Nunca como en esta última edición, el ciclo y su conductor se encuentran en el ojo de la tormenta por las críticas que reciben por parte de quienes siguen el formato a diario. Pero, ¿qué hizo que la propuesta que es éxito en todo el mundo se convierta en el blanco de las críticas de propios y extraños?
Cuando Telefe proyectó esta temporada de Gran Hermano: Generación Dorada -nombre que le pusieron para celebrar los 25 años del programa-, le dio pie a la producción para sumar muchos personajes conocidos, exparticipantes, tiktokers e influencers de redes sociales. Si bien en un comienzo hubo quejas de los televidentes por la cantidad de famosos que ingresaron a la casa, con el correr de los días los conflictos de la convivencia, las historias personales y los enfrentamientos lograron atrapar el interés del público.
Fueron 28 los participantes originales que ingresaron hace casi cuatro meses pero, como nunca, esta edición está signada por la desaprobación del público a varias estrategias del programa. La producción del reality de Telefe es el principal blanco de críticas de los televidentes.
Los constantes cambios dentro del formato tradicional, como placas multitudinarias, reglas poco claras y galas de eliminación los días lunes, hicieron que la parte más purista de la audiencia condene esas modificaciones. Quienes deciden los destinos del programa consideran que hoy no podría sostenerse en pantalla un Gran Hermano tal cual como fue concebido en 2001.
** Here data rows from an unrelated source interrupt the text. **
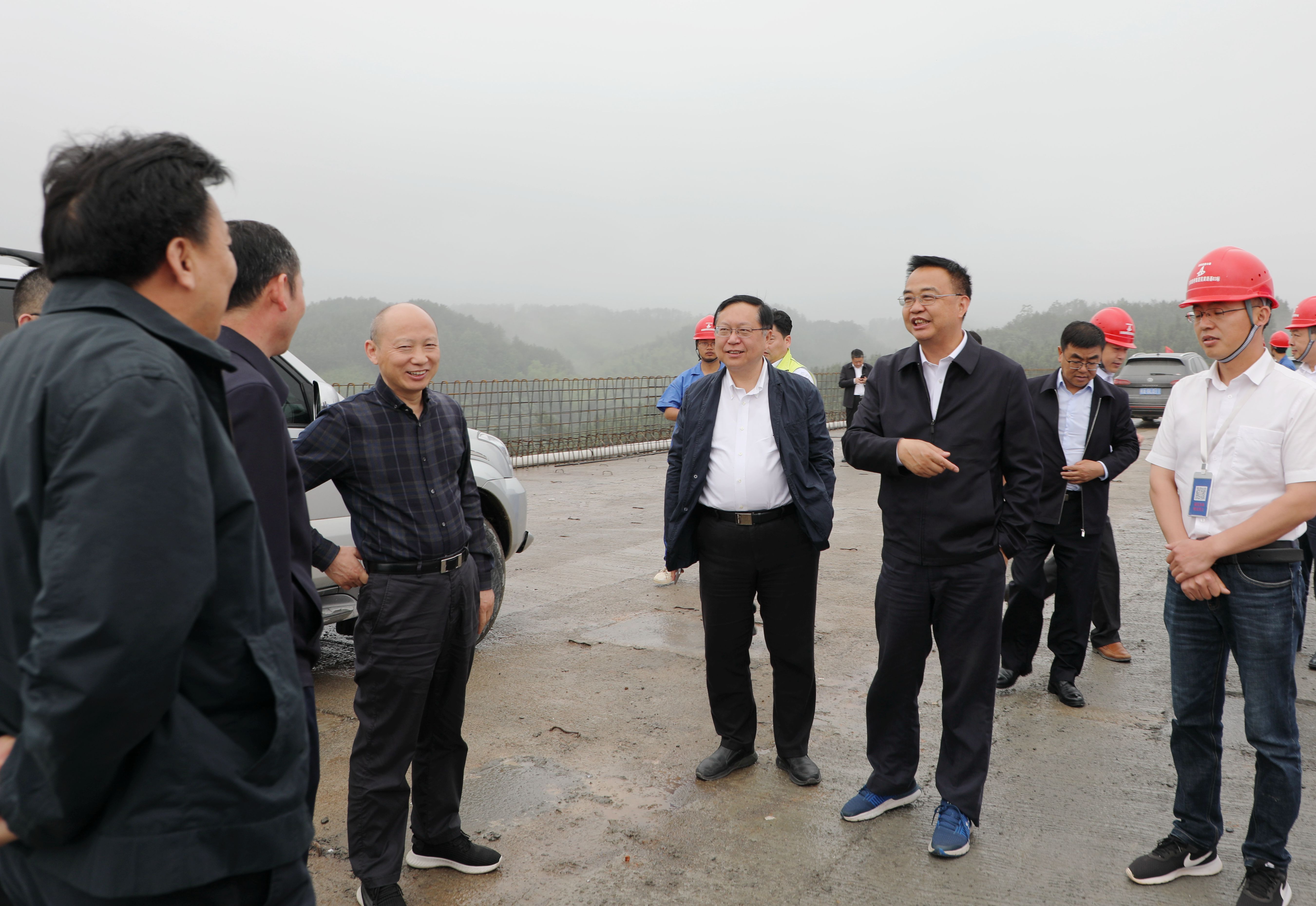 5月12日,安徽交控集團黨委書(shū)記、董事長(cháng)項小龍,安徽建工控股黨委書(shū)記、董事長(cháng)趙時(shí)運冒雨前往蕪黃高速項目實(shí)地調研“縣縣通高速”項目進(jìn)展,并出席現場(chǎng)生產(chǎn)調度會(huì )。安徽交控集團黨委副書(shū)記、總經(jīng)理錢(qián)東升,安徽建工控股黨委委員、紀委書(shū)記王汪苗陪同調研。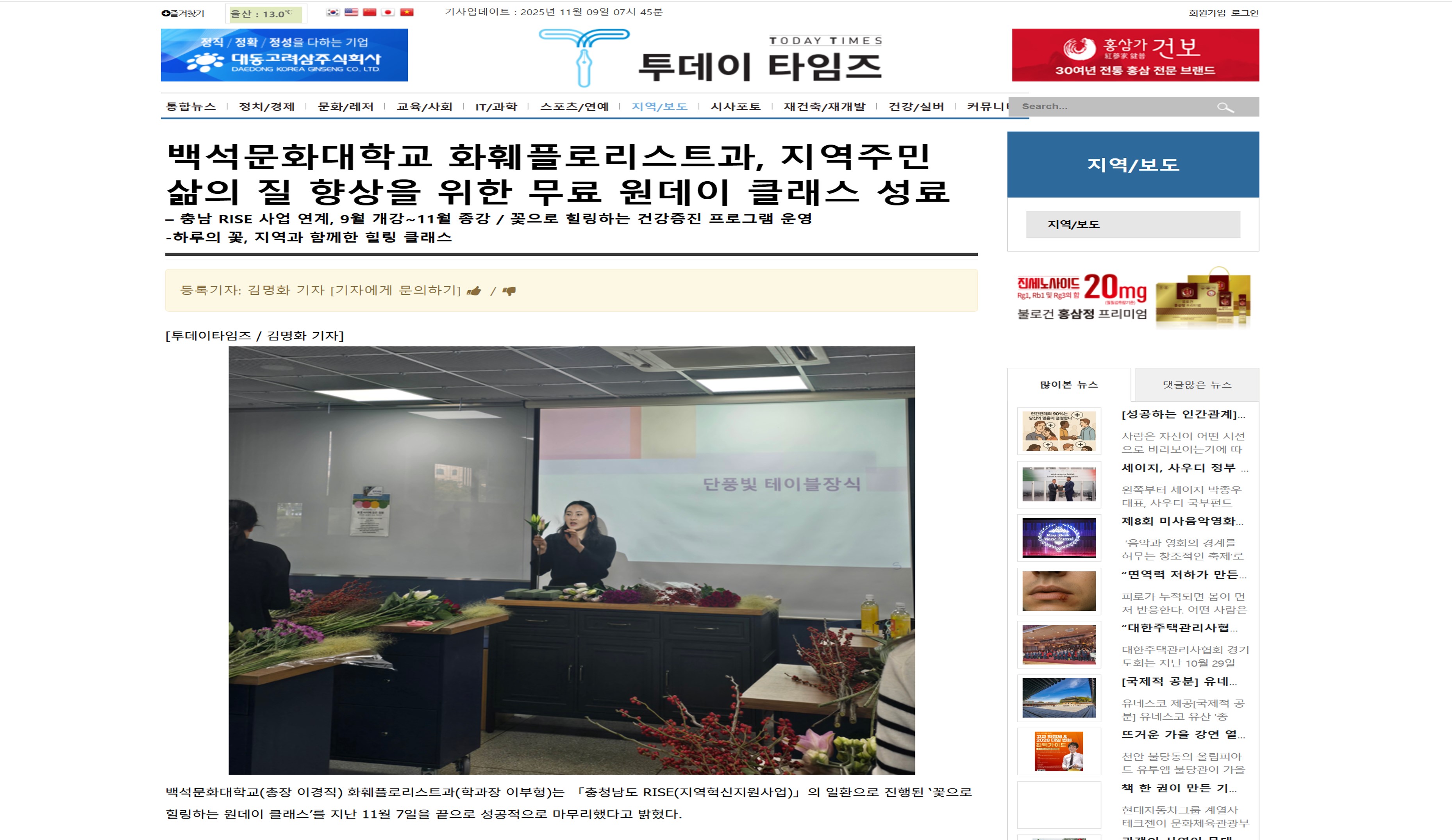 2025 충남RISE 사업 화훼플로리스트과 원데이클래스 프로그램 관련 기사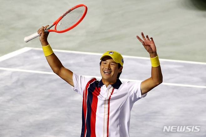[서울=뉴시스] 추상철 기자 = 30일 오후 서울 송파구 올림픽공원 테니스경기장에서 열린 남자프로테니스(ATP) 투어 '유진투자증권 코리아오픈 테니스대회' 복식 8강 경기. 권순우가 안드레 예란손(스웨덴)-벤 매클라클런(일본) 조를 상대로 승리를 거둔 후 기뻐하고 있다. 2022.09.30. scchoo@newsis.com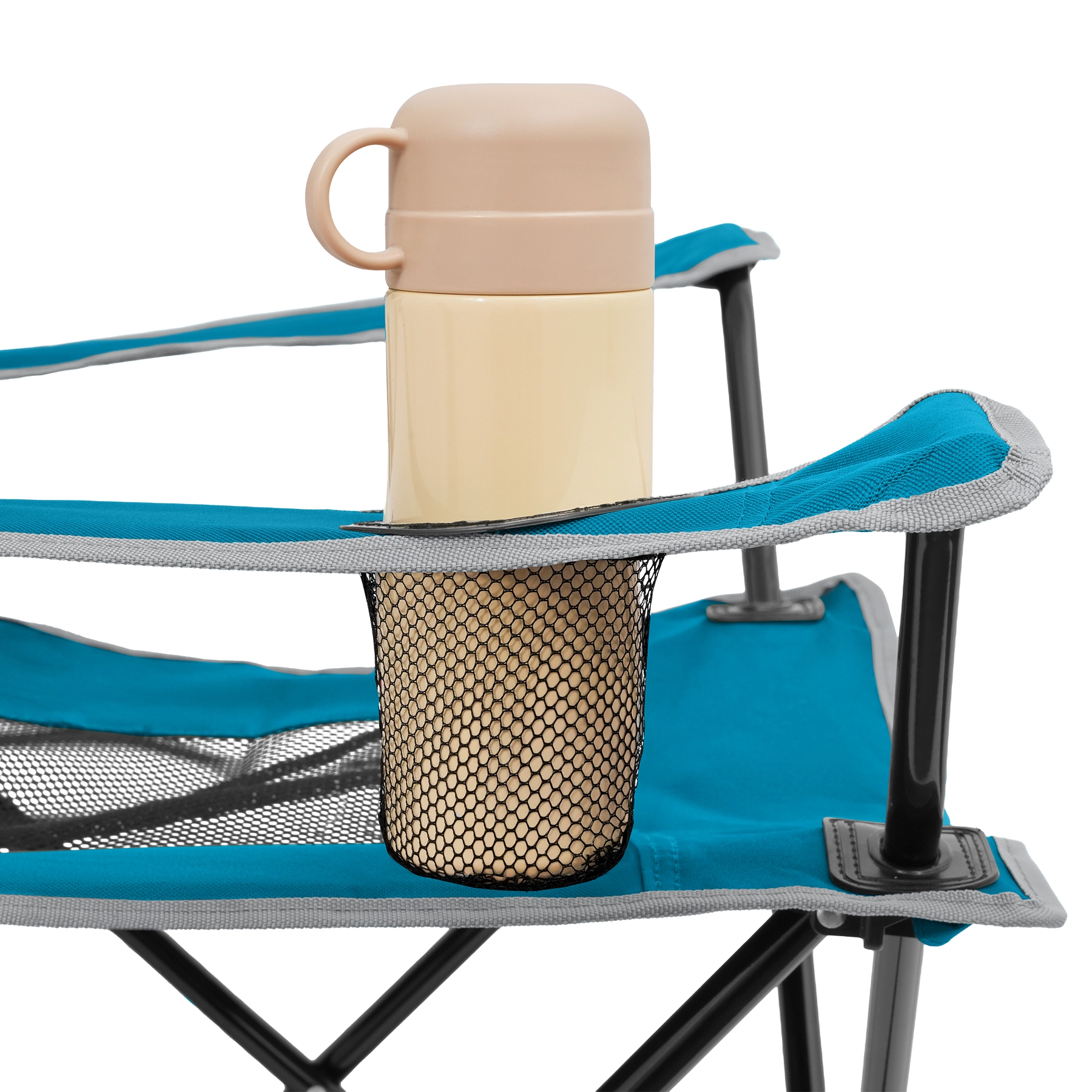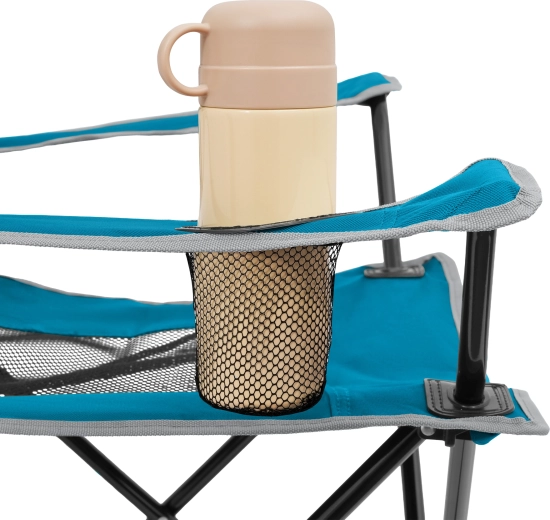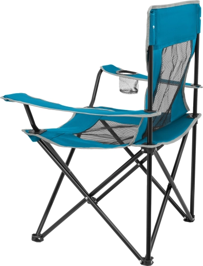 Fauteuil de camping léger et stable pour le camping, les festivals et la pêche. Il offre une structure durable, une maille respirante, un porte-gobelet intégré et des dimensions compactes une fois plié pour un transport facile.

Los tiempos cambiaron y el público necesita estímulos constantes para prenderse a un determinado horario a ver la emisión en vivo del programa, algo que pueden visualizar en cualquier momento. Amparados en esa teoría, la producción se convirtió en un jugador más dentro de la casa y esto provocó que pueda hacer y deshacer según su criterio.
Un repechaje multitudinario que incluyó varios Golden Tickets con vueltas polémicas, como la de Brian Sarmiento que ya había sido eliminado por el público, las modificaciones de placas de votos positivos a negativos constantemente y la sospecha de cierto favoritismo por algunas de las figuras conocidas, enojaron a los televidentes y empañan la performance de un programa que al día de hoy sigue siendo el más visto de la televisión abierta. Está claro que todo esto es en pos del rating, que en estos tiempos no sobra.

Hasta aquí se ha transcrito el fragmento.